Day 1 - Module 3: Exercises

These exercises are based on the concepts and code presented in Module 3: Handling Complex Data Structures (src/03-complex-data/).

Exercise 3.1: Generating a Different Knowledge Graph

Goal: Practice using the LLM to generate structured knowledge graph output for a different topic.

Below is an example of the knowledge graph generated by the original script for the topic "relationship between cars, wheels and trains...". Your task is to modify the script to generate a similar graph for a different topic.

Example Knowledge Graph

Open the src/03-complex-data/knowledge-graphs.py script.

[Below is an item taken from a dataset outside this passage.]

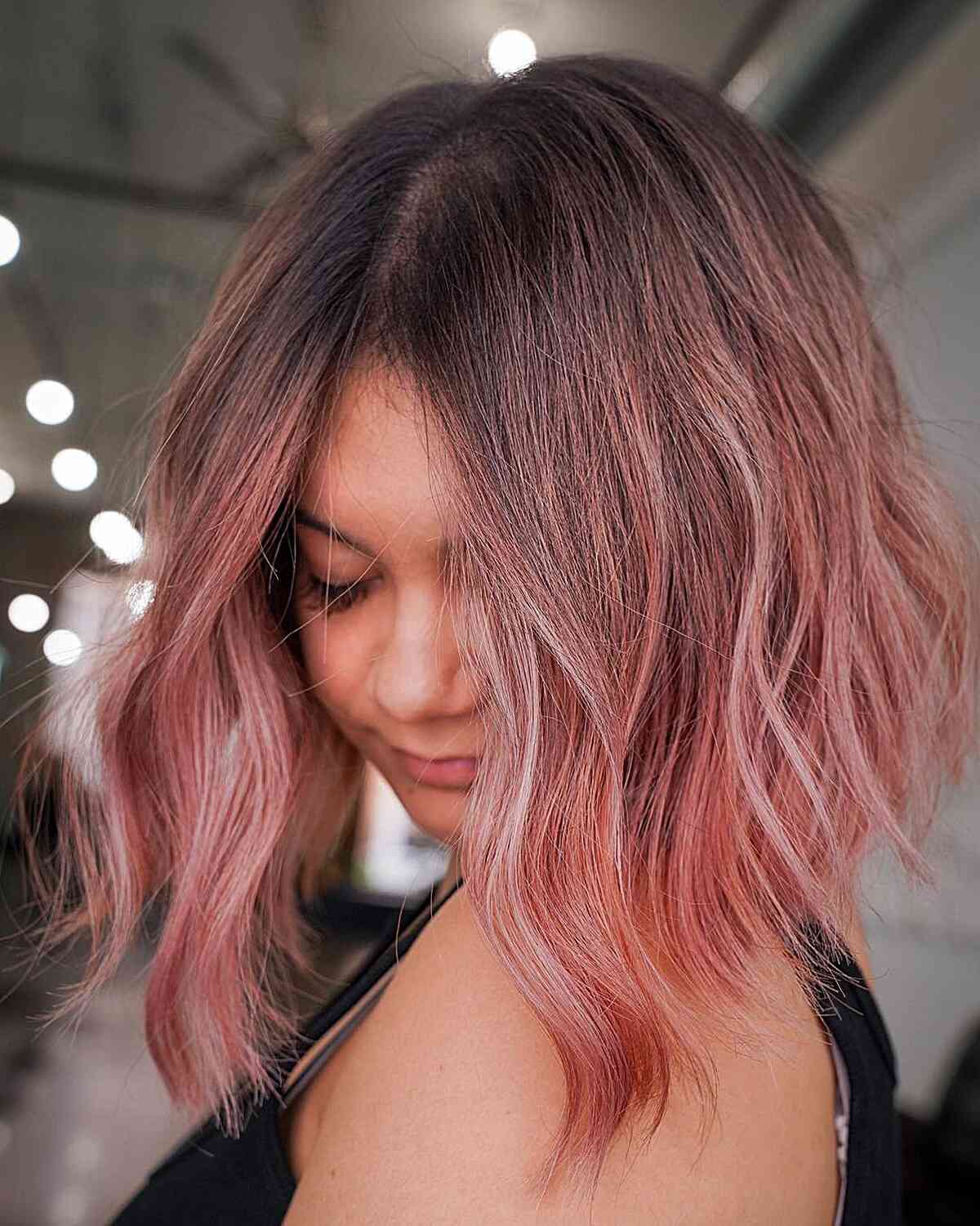 Merge your textured, medium-length locks with hues of rose gold, this vibrant light pink, and shiny gold tones on dark roots, resulting in a stunning rose gold hue that accentuates your lovely eyes!

Locate the line where generate_graph is called:

graph = generate_graph("What is the relationship between cars, wheels and trains...")

Change the input string to a different topic that involves entities and relationships, for example: "Explain the main components of a simple web application: browser, web server, database, and how they interact."
Run the script (python3.11 knowledge-graphs.py). Ensure graphviz is installed (sudo apt-get update && sudo apt-get install -y graphviz).
Inspect the newly generated knowledge_graph.svg file (you will need to download it or view it in a browser). Does the graph visually represent the components and interactions of a web application? Compare its structure to the example graph provided above.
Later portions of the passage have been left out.